**WHAT YOU ARE ASKED TO DO:**
Output the data verbatim, minus the images.

**DATA PROVIDED:**
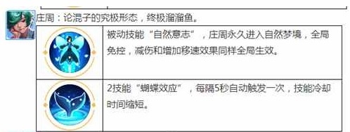 庄周永久进入自然梦境,全局免控,减伤和增加移速效果同样全局生效。
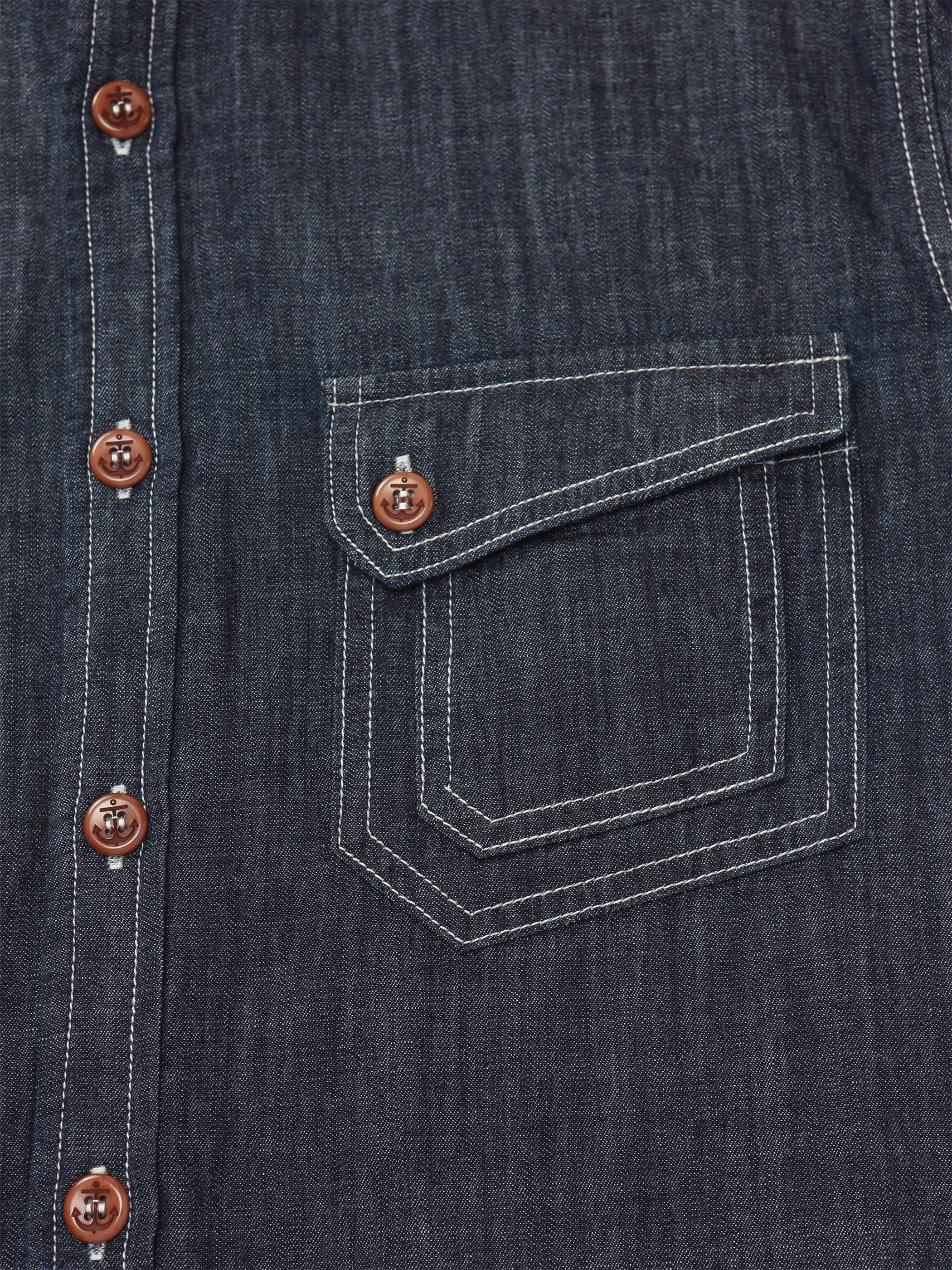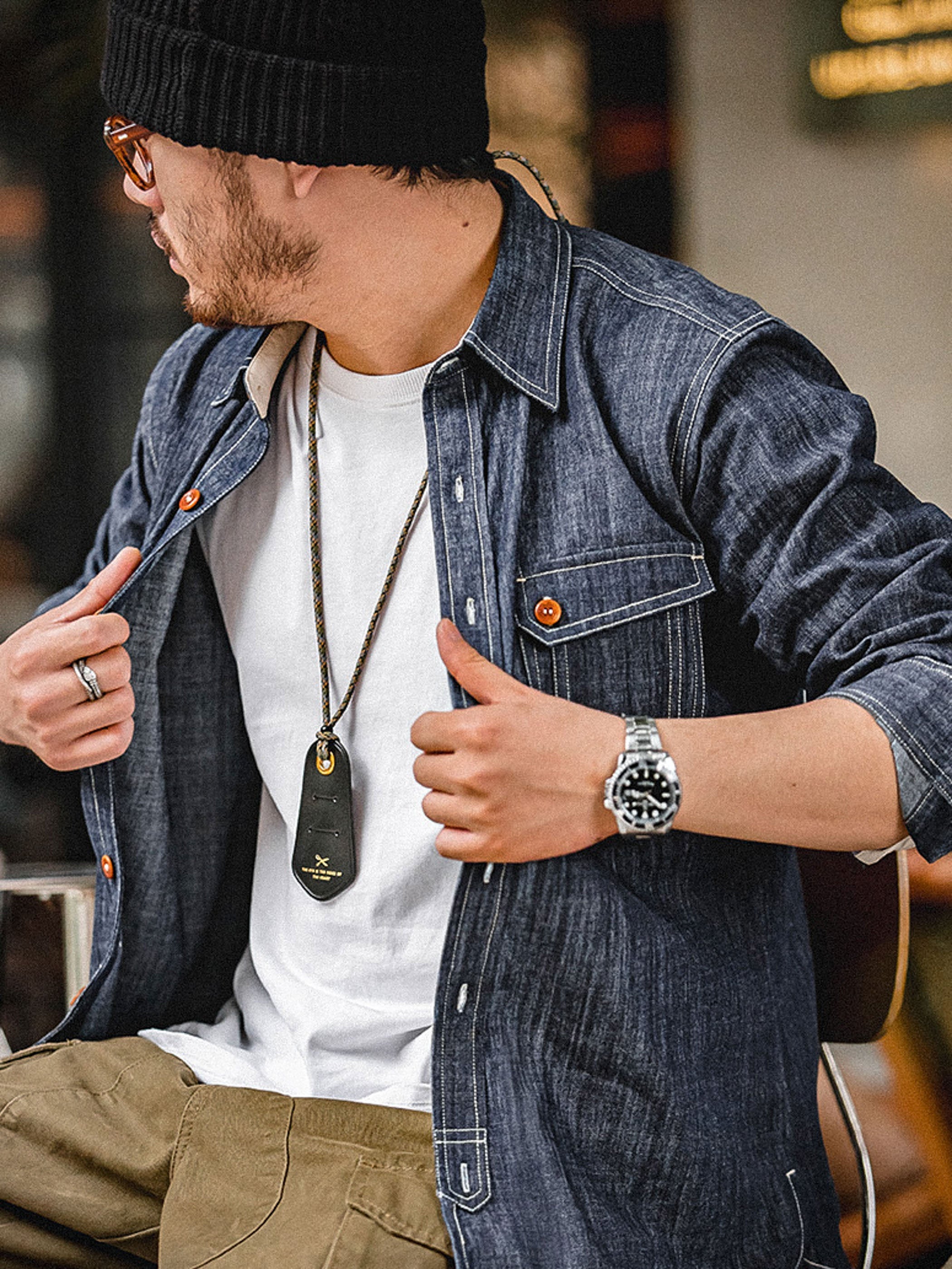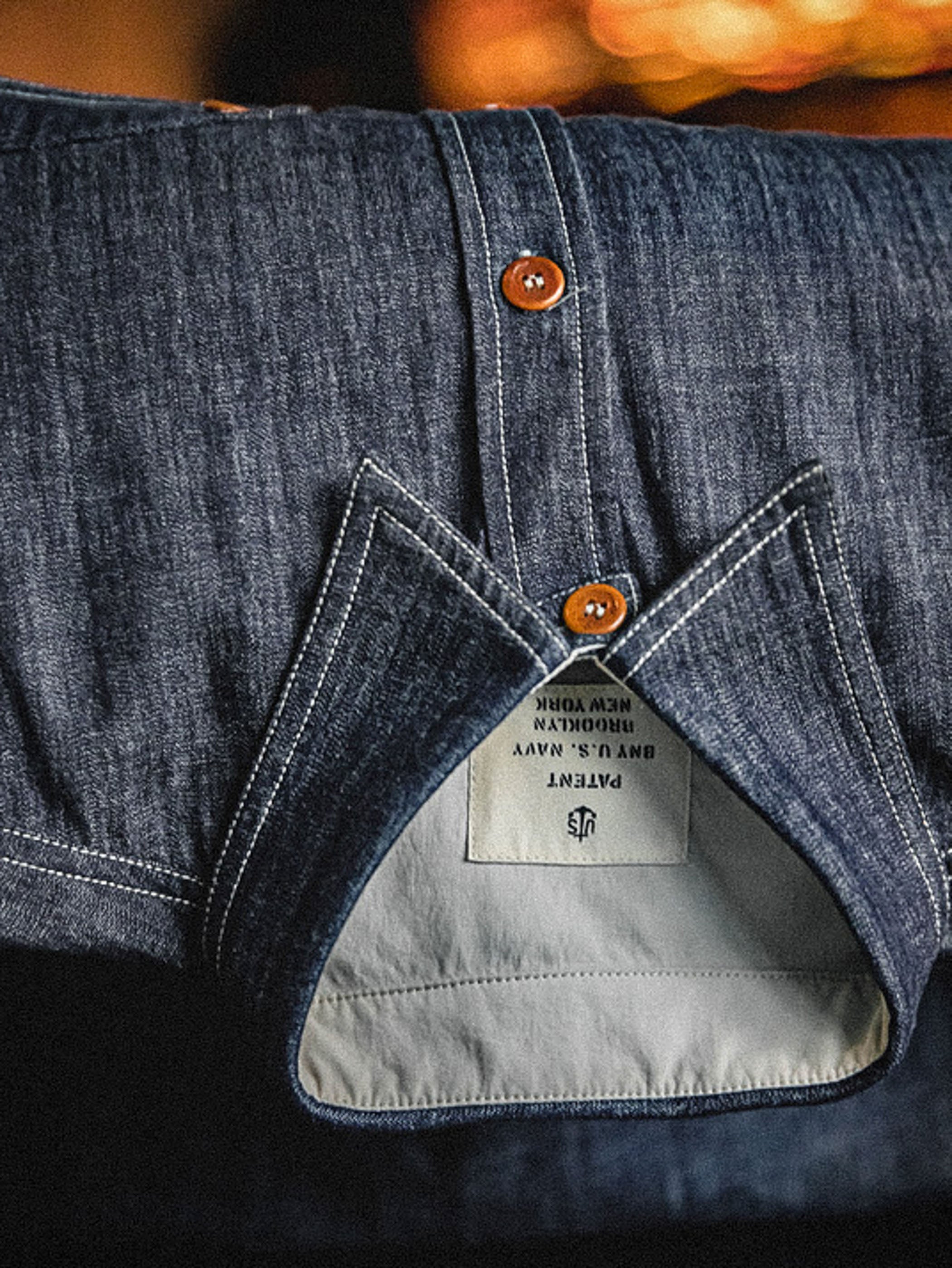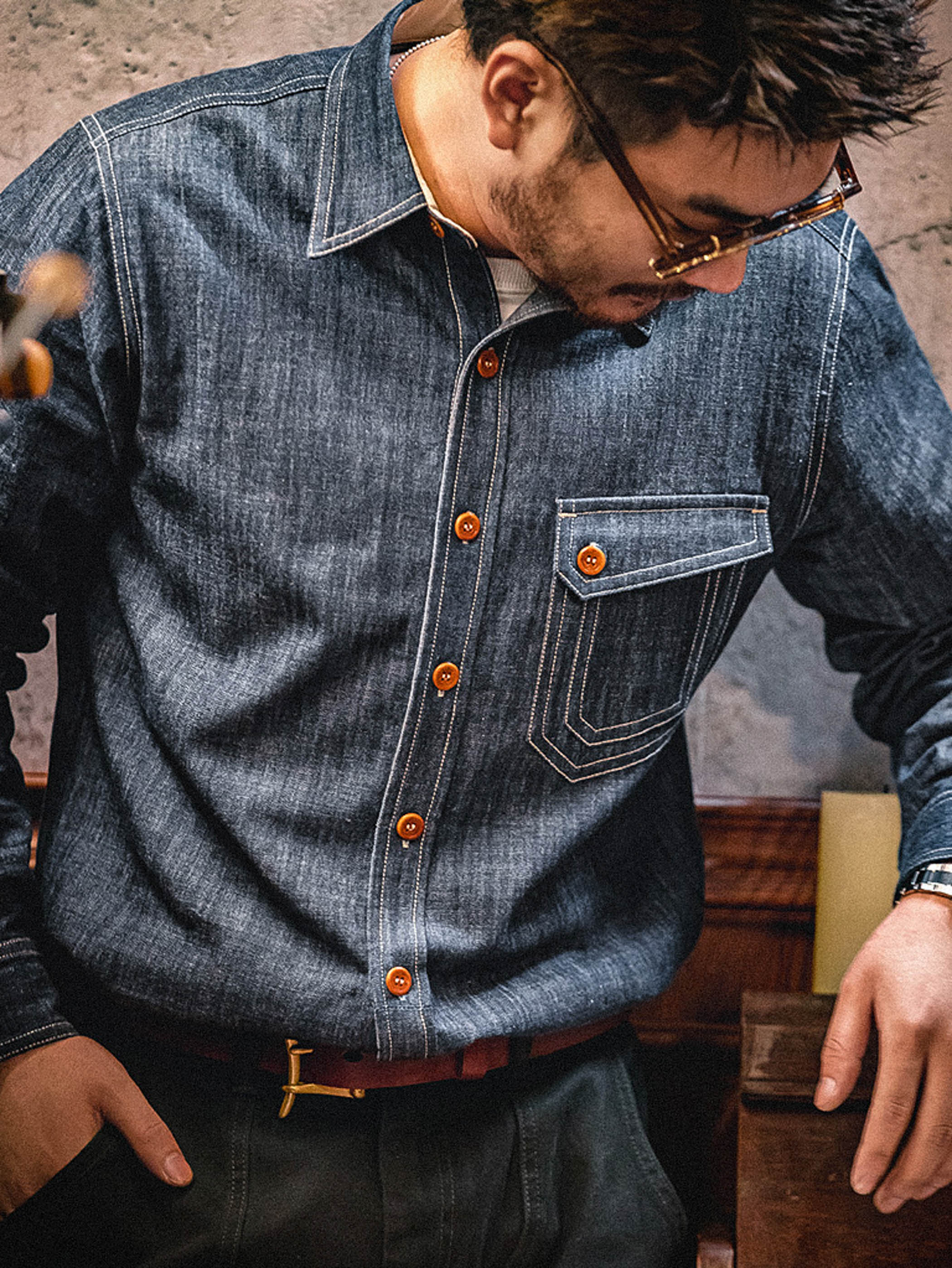 CPOシャツはアメリカ海軍に採用されていたウェアがオリジナルで、本アイテムは定番のCPOシャツをイメージして改良を加えたデニムシャツです。船や航海を連想させるものとして、シンボル的に用いられることも多く、海軍由来のアイテムとしてならではの特徴も保留、しっかりとディテールを踏襲しています。
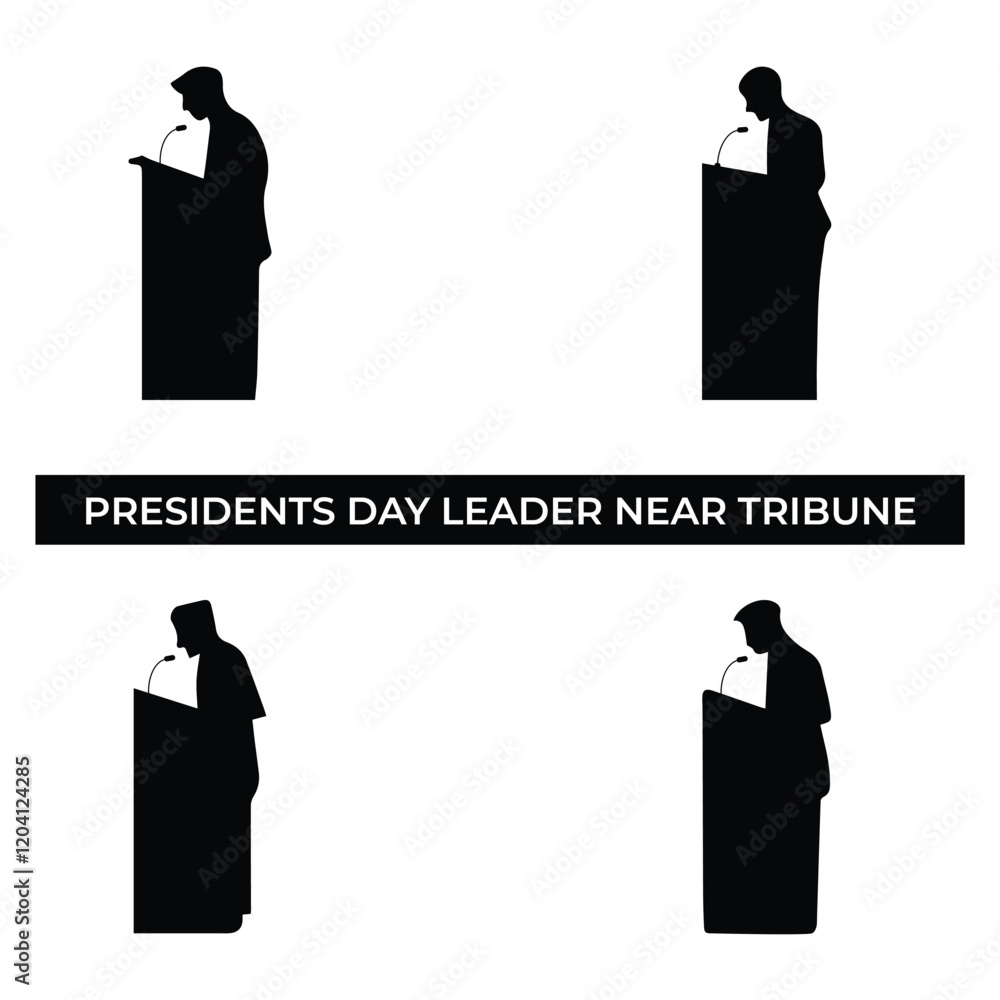 • #1204124285 Vector Illustration of Presidents' Day Leader Near Tribune. Simple Flat Design Depicting Patriotic Leadership, Public Speaking, and American History.

**WRITTEN ANSWER:**
 庄周永久进入自然梦境,全局免控,减伤和增加移速效果同样全局生效。
 CPOシャツはアメリカ海軍に採用されていたウェアがオリジナルで、本アイテムは定番のCPOシャツをイメージして改良を加えたデニムシャツです。船や航海を連想させるものとして、シンボル的に用いられることも多く、海軍由来のアイテムとしてならではの特徴も保留、しっかりとディテールを踏襲しています。
 • #1204124285 Vector Illustration of Presidents' Day Leader Near Tribune. Simple Flat Design Depicting Patriotic Leadership, Public Speaking, and American History.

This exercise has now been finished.